Starmer is a weak personality, a break from politics of the last few years. I suspect the public will now get to know more of the Labour front bench, possibly not in a good way, and more of the Tory front bench, who will have greater opportunity in Parliament than any of the opposition MPs, to ask questons of ministers, which will be picked up on the 10pm News, which they will no doubt be interviewed about, and basically get greater exposure. The SDP was doomed to failure.

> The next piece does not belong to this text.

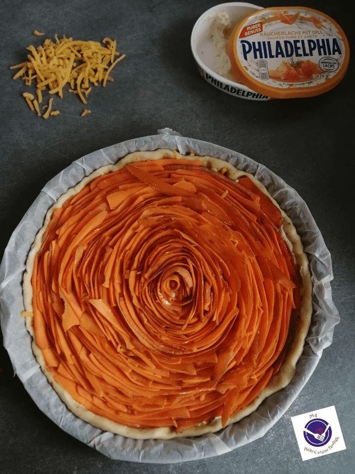 J’ai tartiné le fond de la tarte avec du fromage de la marque Philadelphia au saumon et aneth. Si par hasard, cette célèbre marque de fromage tombe sur le blog, je lance une bouteille à la mer. « j’aimerais tellement en trouver en France aussi », car j’ai découvert cette version en Allemagne et c’est délicieux. En France nous n’en trouvons malheureusement pas. En remplacement, vous pouvez tartiner votre fond de pâte de fromage à tartiner nature ou de fromage à tartiner aux noix.
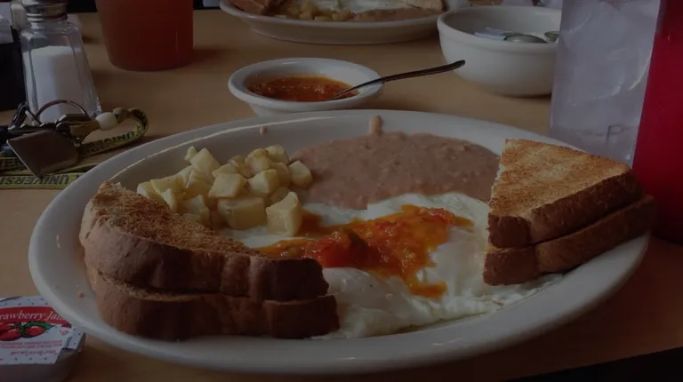 We came here for breakfast. It wasn't bad but it wasn't great. The ham is thin sliced packaged ham. I ordered a #3 with beans instead of potatoes. The refried beans didn't have much flavor. They put the wrong bread on my plate. We had to wait a few minutes for utensils after our breakfast arrived at the table. My whole wheat toast was a little burned. We asked for strawberry jelly for my mom and the waitress didn't try to get us more, she just said that's how they come, meaning more grape than strawberry. I think she didn't like that I brought my own drink in and ordered water. My mug had Minute Maid 50 orange juice. I like orange juice for breakfast but I'm on a lower carb low sugar diet. My husband loved the menudo though. The prices were great, but it isn't worth coming back to.

Local elections like those in May 2026 can look like political turning points; moments when insurgent parties surge and the system appears to be realigning, but under FPTP they often mark a high-water point rather than a lasting shift. Parties such as Reform can attract significant national attention and vote share, yet without a strong base of MPs they remain structurally constrained: limited parliamentary representation means limited visibility, weaker scrutiny power, and reduced ability to shape the daily political agenda, which in turn slows momentum compared to established parties. That pattern echoes the SDP in the 1980s, which polled strongly at times but struggled to convert support into seats, and it also mirrors aspects of Canada’s Conservative experience, where the party rebounded after fragmentation on the right and temporary displacement by new or rebranded forces, ultimately re-establishing itself once the opposition vote consolidated and voters reverted to a familiar governing alternative. In that sense, apparent insurgent peaks can coexist with a system that still favours recovery by established parties like the Conservatives, especially when opposition votes are split and geography plus incumbency continue to translate modest pluralities into parliamentary power.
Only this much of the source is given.